Quantum computing represents a transformative direction in scientific computing, offering potential breakthroughs in solving large-scale numerical problems that are computationally prohibitive on classical hardware. While classical High-Performance Computing (HPC) has continuously advanced our ability to solve complex partial differential equations (PDEs), the required computational cost scales dramatically with increasing spatial resolution and physical complexity. This poses fundamental limitations for multi-physics simulations such as incompressible fluid dynamics, electrochemical transport, and high-fidelity battery modeling.

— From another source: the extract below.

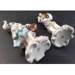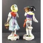 A SITZENDORF grape seller (V20787) standing 21cm tall approx plus a girl with flower basket (V20788). No damage to either figure.
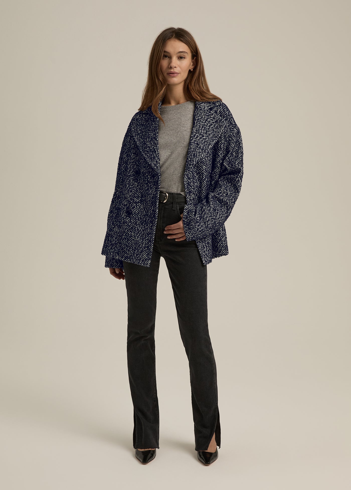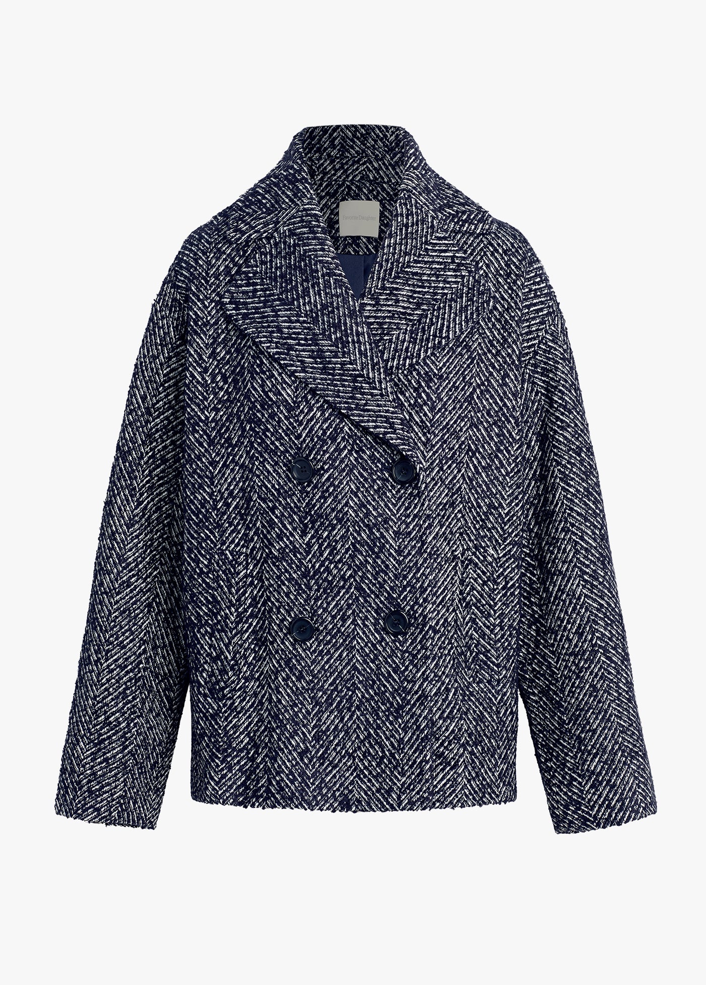 Crafted from navy herringbone, The Favorite Peacoat features a relaxed fit with classic double-breasted styling and dropped shoulders. A timeless favorite you’ll reach for season after season.

In the Noisy Intermediate-Scale Quantum (NISQ) era, our laboratory explores hybrid quantum–classical algorithms that aim to bridge the gap between theoretical quantum speedups and practical scientific applications. We focus particularly on Variational Quantum Algorithms (VQAs), which are designed to operate efficiently on current hardware with limited qubit counts and connectivity constraints. These approaches leverage parameterized quantum circuits optimized through classical feedback loops to approximate the solutions of linear systems and PDEs, enabling reduced circuit depth and improved noise tolerance.
A key research direction in our group is the development of quantum solvers for the Poisson and Navier–Stokes equations, which appear as core components in numerical methods including projection-based incompressible flow solvers. Our recent work introduces a VQA-based Poisson solver that integrates hardware-efficient ansätze with Quantum Fourier Transform (QFT)–based diagonalization schemes, significantly reducing computational cost by minimizing operator decomposition overhead. This capability opens the door to hybrid projection methods where quantum hardware accelerates the pressure-Poisson subsystem, enabling faster time-marching simulations in large-scale CFD workflows.